Can a table have a primary key that does not participate in a clustered index?
Does designating a column(s) as a primary key automatically create a clustered index on the table based on the key column(s)?
Can a clustered index be created using a column(s) other than the primary key of the table?

The answer that most candidates come up with is that there is a direct dependency between the primary key and the clustered index – the primary key has to be the set of columns on which one wishes to create a clustered index.

Contrary to popular belief, the correct answer is “Yes, a table may have a clustered index defined on a column other than the primary key of the table”. It’s just that most developers are so used to the default design and coding mechanisms that generally the thought of going against the flow may not come to the mind.

Please note that this post is not about the recommended practices for creation of clustered index and primary keys, but is intended to achieve an understanding of the fact that having a primary key does not automatically imply a clustered index in all situations.

Demo

As supporting proof, allow me to create a simple scenario. As part of the demonstration, I would be executing the following steps:

Create a test table without any keys or indexes defined
Define a primary key on the test table, with an explicit NONCLUSTERED keyword added to the definition
Define a CLUSTERED index on the table on a column that’s not the primary key
Check the details of the indexes created using sys.indexes catalog view

USE tempdb
GO

--Safety Check
IF OBJECT_ID('pkTest') IS NOT NULL
    DROP TABLE pkTest
GO

--Create test table definition
CREATE TABLE pkTest (Id INT NOT NULL IDENTITY(1,1),
                     DummyId INT NOT NULL,
                     KeyName VARCHAR(20)
                    )
GO

--Notice the use of NONCLUSTERED 
ALTER TABLE pkTest
    ADD CONSTRAINT pk_pkTest_pkTestId PRIMARY KEY NONCLUSTERED (Id)
GO

--Now create a clustered index on a column other than the Primary Key
CREATE CLUSTERED INDEX idx_pkTest_DummyId ON pkTest (DummyId)
GO

As you can see, we created the Primary Key with a keyword – NONCLUSTERED. This should create a non-clustered index for the primary key and a clustered index for the DummyId column. Let’s run the following query to check:

--Check the types of Indexes that have been created
SELECT si.object_id,
       OBJECT_NAME(si.object_id) AS ObjectName,
       si.name,
       si.index_id,
       si.type,
       si.type_desc,
       si.is_unique,
       si.is_unique_constraint,
       si.is_primary_key
FROM sys.indexes AS si
WHERE si.object_id = OBJECT_ID('pkTest')
GO

Query execution yields the following results:

object_id	ObjectName	name	index_id	type	type_desc	is_unique	is_unique_constraint	is_primary_key
853578079	pkTest	idx_pkTest_DummyId	1	1	CLUSTERED	0	0	0
853578079	pkTest	pk_pkTest_pkTestId	2	2	NONCLUSTERED	1	0	1

Conclusion

A clustered index can be defined on any column of a table as long as the column satisfies the criteria for a clustered index. Having a primary key does not imply that clustered index will exist on the primary key under all situations.

Reference

Clustered Index Design Guidelines (BOL/MSDN): http://msdn.microsoft.com/en-us/library/ms190639(v=sql.105).aspx

Until we meet next time,

Be courteous. Drive responsibly.

32 thoughts on “#0189-SQL Server-Primary Keys without clustered indexes”

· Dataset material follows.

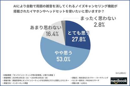 「AIにより自動で周囲の雑音を消してくれるノイズキャンセリング機能が搭載されたイヤホンやヘッドセットを使いたいと思いますか?」と質問したところ、『とても思う(27.8%)』『やや思う(53.0%)』『あまり思わない(16.4%)』『まったく思わない(2.8%)』という結果になりました。

sqlcommitted August 23, 2012 at 1:06 AM

Even I ask the same question during interview.

Primary Key and Clustered Index are two different things. Developers get confused because they usually misunderstand the following line “On a table when a Primary Key defined by default SQL Server creates a Unique Clustered Index on those column(s) where primary key is defined”

As we know that we can’t have 2 clustered index on a table, When we create a Primary key where a Clustered index is already exist in that case , SQL Server creates a Unique Non Clustered Index.

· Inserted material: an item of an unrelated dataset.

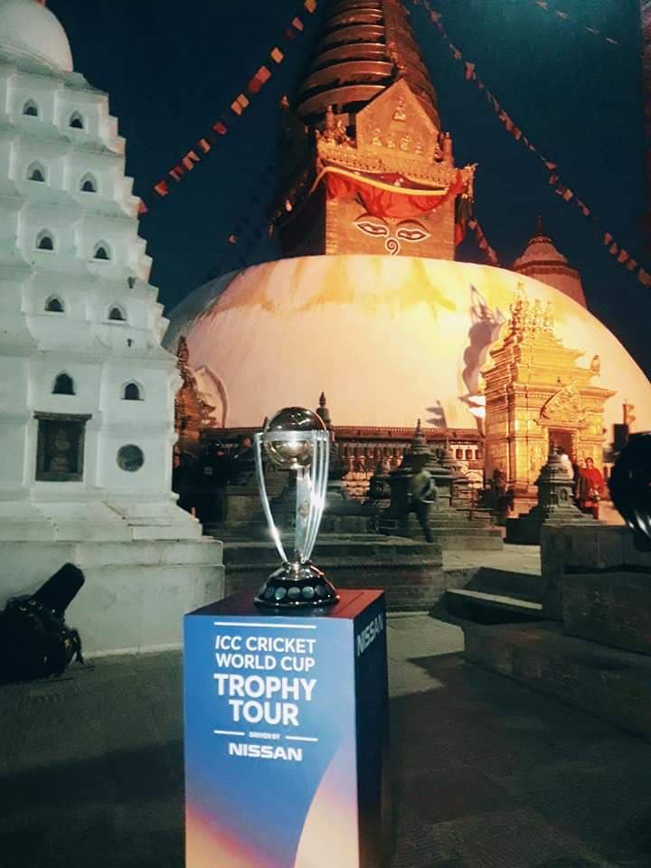 काठमाडौं (हाम्रो खेलकुद) – एकदिवसीय विश्वकप क्रिकेटको ट्रफी शुक्रबार नेपाल आइपुगेको छ । अर्काे वर्ष इंग्ल्यान्ड र वेल्सले संयुक्त रुपमा आयोजना गर्न लागेको एक दिवसीय विश्वकप अघिको ट्रफीलाई ‘विश्व टुर’ अन्तरगत शुक्रबार दिउसै नेपाल ल्याइएपनि साँझ मात्रै ट्रफीलाई स्वयम्भुमा प्रदर्शन गरिएको थियो । ट्रफी चार दिनसम्म नेपालमा रहनेछ । शुक्रबार साँझ काठमाडौं आइपुगेको ट्रफी शनिबार […]

Sometime I ask a different version of same topic question? i.e. What will happen if I wanted to create a Primary on a column on which already a clustered index exist?

Thanks & Regards,
Sandip Pani

[1]: http://SQLcommitted.com

LikeLike

Reply ↓
Nakul Vachhrajani August 23, 2012 at 1:41 AM

Thank-you for sharing your views, Sandip. I do like the nice twist to the question. Thank-you for taking the time out and reading this post.

LikeLike

Reply ↓
Madhivanan August 23, 2012 at 6:10 AM

However there is a difference. When you create a table with column with Primary key defined, by default the column which is defined as Primary key will have clustered index. Now see what happens when you create this table

CREATE TABLE pkTest (Id INT NOT NULL IDENTITY(1,1) PRIMARY KEY,
DummyId INT NOT NULL,
KeyName VARCHAR(20)
)

Column Id is automatically associated with a clustered index. Your case is valid only when you alter the table to have primary key constraint

LikeLike

Reply ↓
sqlcommitted August 23, 2012 at 6:31 AM

@Madhivanan,
You are right,What you mentioned here is the default behavior.

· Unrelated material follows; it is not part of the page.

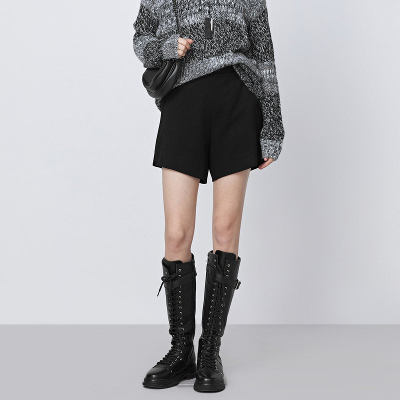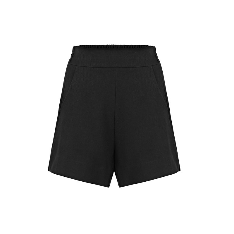 sdeer圣迪奥女装休闲松紧拼接插袋黑色A字短裤S21460906

Kindly refer the **Conclusion** section, Here It is mentioned that “Having a primary key does not imply that clustered index will exist on the primary key under all situations”.

Thanks & Regards,
Sandip Pani
[link text][1]

[1]: http://SQLcommitted.com

LikeLike

Reply ↓
marc_jellinek@hotmail.com August 23, 2012 at 8:45 AM

@Madhivanan try this:

CREATE TABLE pkTest
(
[id] [int],
[DummyId] [int],
[KeyName] [varchar](20),
CONSTRAINT [PK__pkTest__Id] PRIMARY KEY NONCLUSTERED ( [id] )
)

There is no need for an ALTER TABLE, you can create a non-clustered primary key directly in the CREATE TABLE statement.

LikeLike

Reply ↓
marc_jellinek@hotmail.com August 23, 2012 at 8:45 AM

Here’s the real question: Why have a clustered index on a column or columns OTHER than the Primary Key?

LikeLike

Reply ↓
marc_jellinek@hotmail.com August 23, 2012 at 2:05 PM

> A clustered index can be defined on
> any column of a table as long as the
> column satisfies the criteria for a
> clustered index

What exactly are the critieria for clustered indexes?

LikeLike

Reply ↓
vmvadivel August 23, 2012 at 9:40 PM

I have posted similar stuff in 2006 @ http://vadivel.blogspot.in/2006/03/primary-keys-without-clustered-index.html …

LikeLike

Reply ↓
Nakul Vachhrajani August 24, 2012 at 12:40 PM

Thank-you for sharing @Vadivel!

LikeLike

Reply ↓
Nakul Vachhrajani August 25, 2012 at 9:20 AM

@Marc: Criteria for clustered indexes can be found in the references section of my post. The link is repeated here for your kind reference: [http://msdn.microsoft.com/en-us/library/ms190639(v=sql.105).aspx][1]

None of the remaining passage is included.